The Congressional Oversight Panel, which was created to monitor the spending in the 2008 bank bailout bill known as the Troubled Asset Relief Program, or TARP, detailed in its latest monthly report the government’s extraordinary rescue of AIG and its lingering effects on taxpayers and the financial markets.

AIG, once one of the largest and most successful insurance companies in the world, collapsed in 2008 when it couldn’t meet the collateral demands of its customers. The firm, the oversight panel said, had an “insatiable appetite for risk” but a “blindness to its own liabilities.”

When it was clear that AIG was going to collapse, the Federal Reserve and the Treasury Department stepped in to save it. The government provided more than $100 billion in assistance, and the oversight report says it’s unclear whether taxpayers will ever be repaid in full.

McClatchy reported Tuesday that then-Treasury Secretary Henry Paulson and senior Federal Reserve officials pushed the rescue either without understanding AIG’s financial situation and the risks it posed to taxpayers — or were less than candid about one of the largest corporate bailouts in U.S. history.

In addition, McClatchy reported that AIG, the company through which more than $90 billion in federal money flowed out the back door to some of the same Wall Street banks whose risky behavior fueled the nation’s financial crisis, is now being accused of short-changing its customers.

Attorneys for hundreds of injured workers say AIG is dragging out insurance payments that their clients need to cover home mortgages, failing to pay full compensation benefits and refusing to pay medical bills.

A key finding of oversight panel’s new report is that the government “failed to exhaust all options” before committing the first $85 billion to the AIG rescue.

The government has said — and said again Wednesday in response to the report — that it was under extraordinary pressure and had to move quickly to prevent the chaos that would have resulted from a meltdown of AIG, which was linked to major financial firms around the world.

Elizabeth Warren, the Harvard professor who chairs the oversight panel, said the panel doesn’t agree with that all-or-nothing conclusion.

“The panel rejects that analysis,” she said in a conference call Wednesday. “Time was short in part because of the decisions that had been made over the preceding three days and the preceding three months.”

As early as the summer of 2008, for example, there were signs that AIG was in serious trouble.
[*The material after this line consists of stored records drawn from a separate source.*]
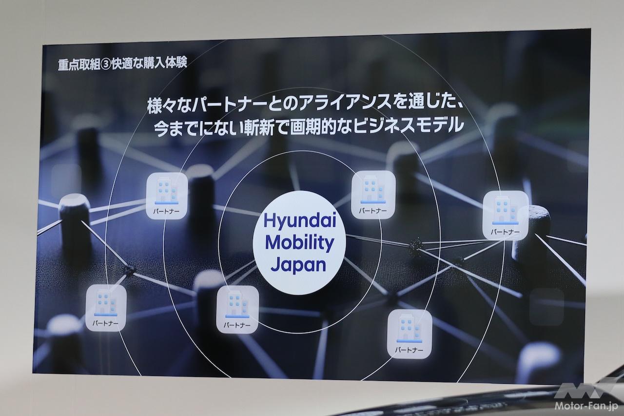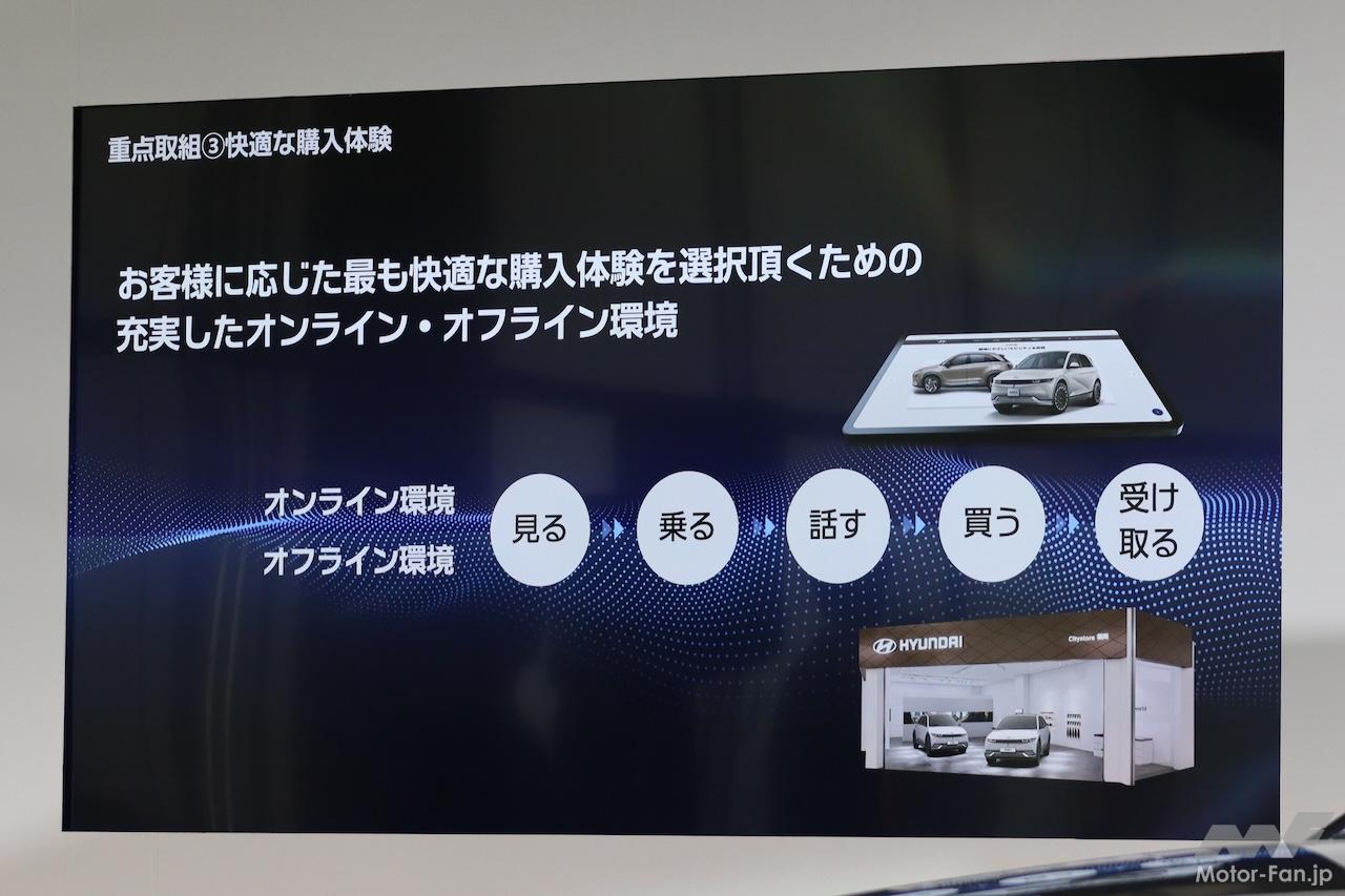 三つ目の約束として、「快適な購入体験」の提供が掲げられた。ヒョンデはディーラー網を構築しない販売スタイルだが、消費者のライフスタイルやニーズが多様化する中、オンラインだけでなくオフラインを組み合わせた購入体験の充実が重要視されている。実車を確認したい場合はカスタマーエクスペリエンスセンター横浜などに出向いてもらい、さらにオンラインでのコミュニケーションの機会も提供するなど、リアルとデジタルの両方を取り入れた購入体験を構築する。そのさらなる充実化のためにも、さまざまなアライアンスパートナーとの提携を検討しているとのことだ。
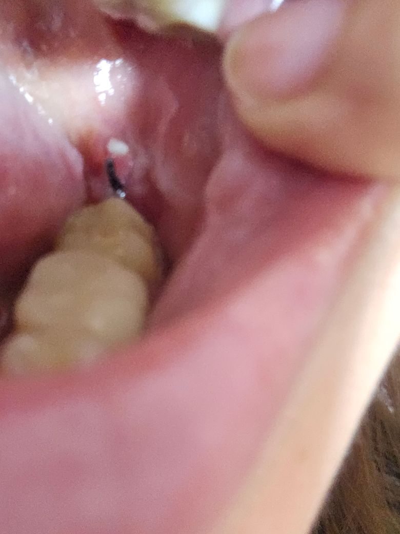 사랑니 발치후 5일이 지났는데 실밥 위에 사진처럼 흰색 구내염처럼 덩어리가 보입니다. 이게 염증인가요? 염증이라면 치과에 방문해야할까요?
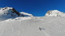 Beste Verhältnisse, es hat sehr gut Schnee, der Gletscher ist perfekt eingeschneit. Ab Adlerpass kurze Tragepassage der Ski's. Der Gipfelaufschwung ist gut mit den Ski begahbar. Die Abfahrt geht Direkt sehr gut. Oben windgepressten Schnee!
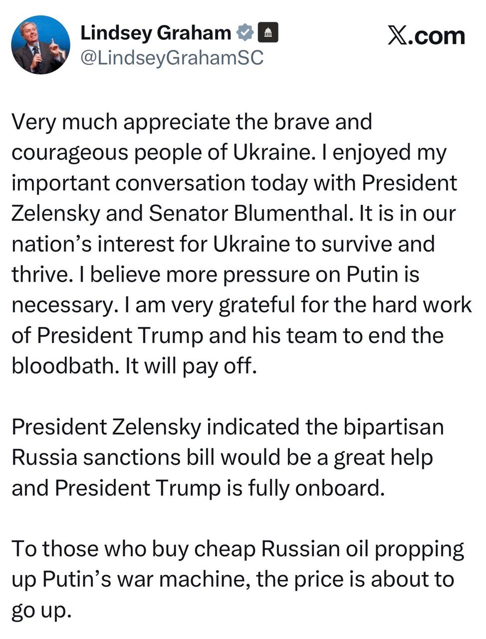 Я очень ценю храбрость и мужество украинского народа. Мне понравилась сегодняшняя важная беседа с президентом Зеленским и сенатором Блюменталем. Выживание и процветание Украины отвечают интересам нашей страны. Я считаю, что необходимо усилить давление на Путина. Я очень благодарен президенту Трампу и его команде за их упорную работу по прекращению кровопролития. Это принесет свои плоды.
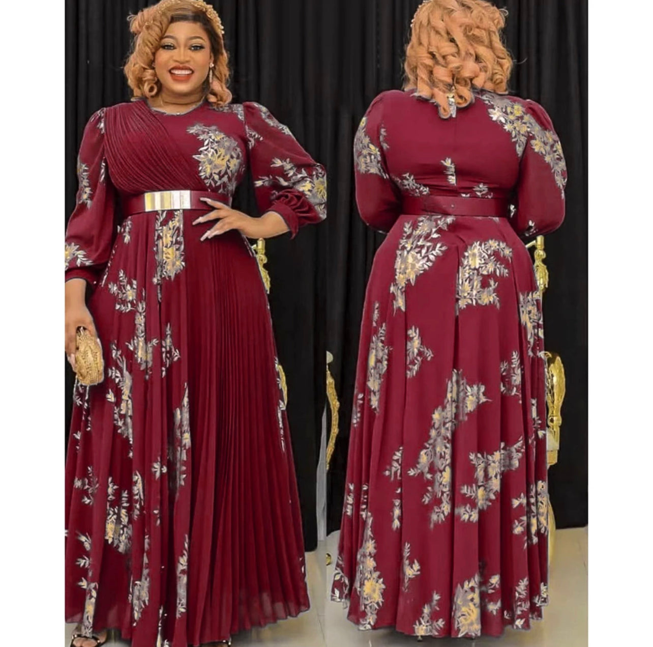 This gorgeous floor length dress comes with the belt seen in the picture. If you are unsure of the size please send us a email or refer to the size chart below
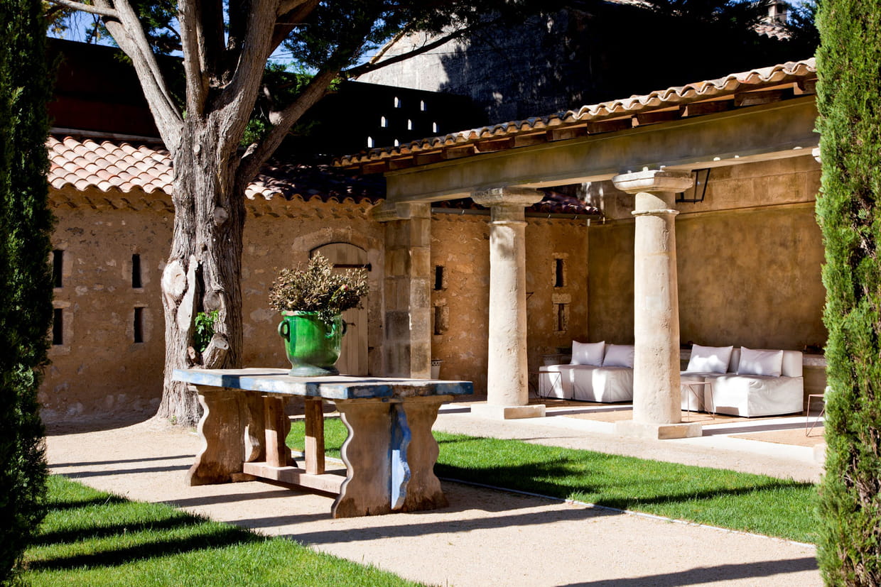 L'espace extérieur de cet ancien prieuré ne demandait que peu pour être du plus bel effet tant l'architecture du lieu et les beaux cyprès donnent le ton du décor. Les propriétaires ont ainsi seulement ajouté des canapés au blanc immaculé pour respecter l'esprit serein de l'ensemble.
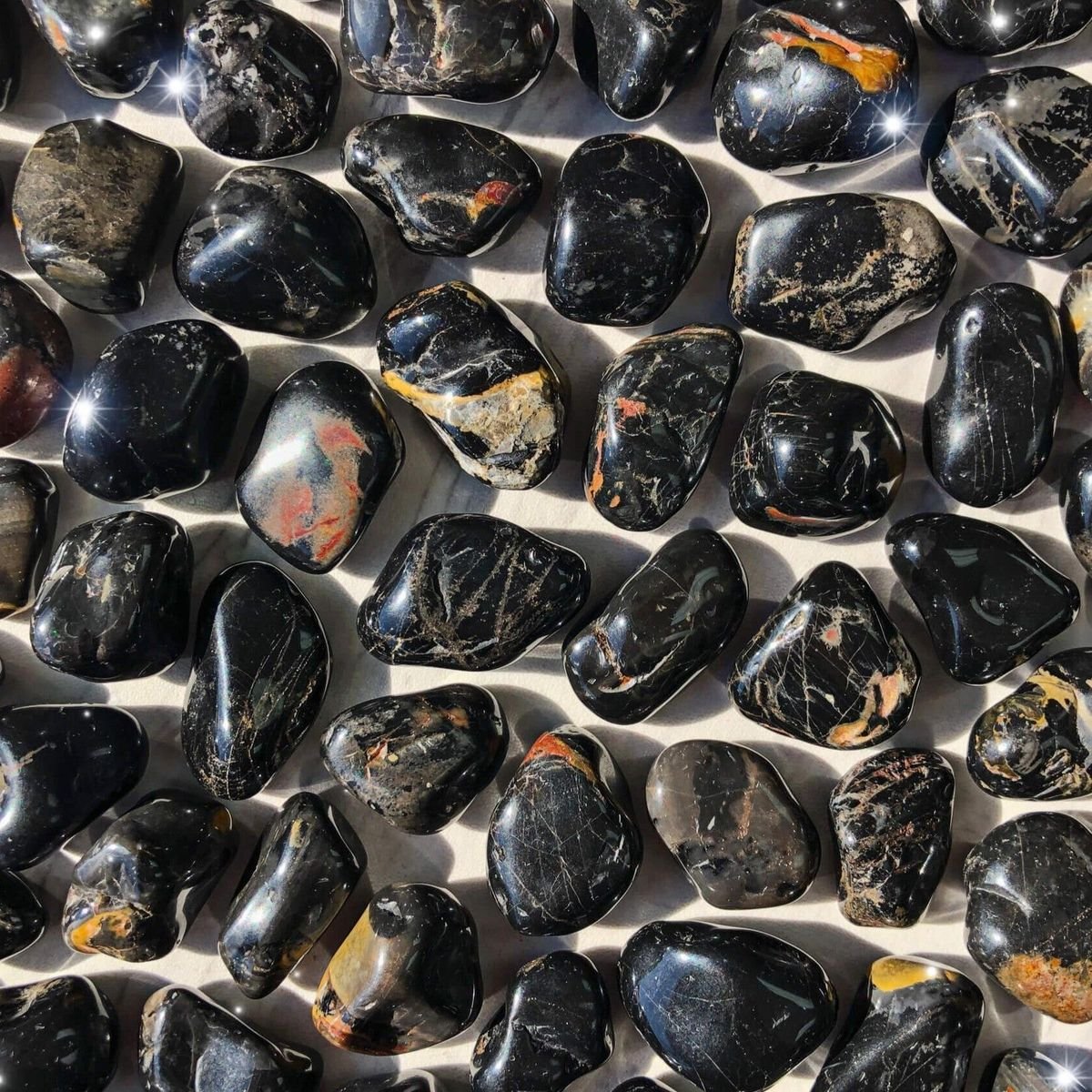 O ônix é uma pedra natural marcada pelo visual escuro e elegante, geralmente em tons de preto intenso, às vezes com faixas brancas. Muito usada em joias e acessórios.

The government could have acted earlier and more aggressively to organize a private rescue of AIG, but it was focused on another company at the time and left AIG to try to arrange its own private financing.

Treasury spokesman Andrew Williams countered that it’s “easy to speculate about how things might have been done differently, had there been more time.”

However, he added, the “choices and tools available to the government were extremely limited and the potential outcomes were deeply uncertain. At that perilous moment, we took the actions that were most likely to protect American families and businesses from a catastrophic failure of another financial firm and an accelerating panic.”

He also said that “we learn nothing new from this report,” and that the Treasury Department “has spent more time in meetings with (the oversight panel) answering questions about the decisions made on September 15 (2008) than the government had to make those decisions.”

In a statement, the Federal Reserve said, ““We respectfully disagree with the view that there were any better alternatives that were workable in the extreme circumstances of the time — in the middle of the worst financial panic in modern history. Our decision to use the emergency lending authority granted by Congress fully protected taxpayers, who are even now being repaid by AIG.””

AIG said in a statement that, “We are well on our way to remaking AIG into a more streamlined and focused company. AIG is focused on repaying taxpayers, strengthening our companies, and building shareholder value.”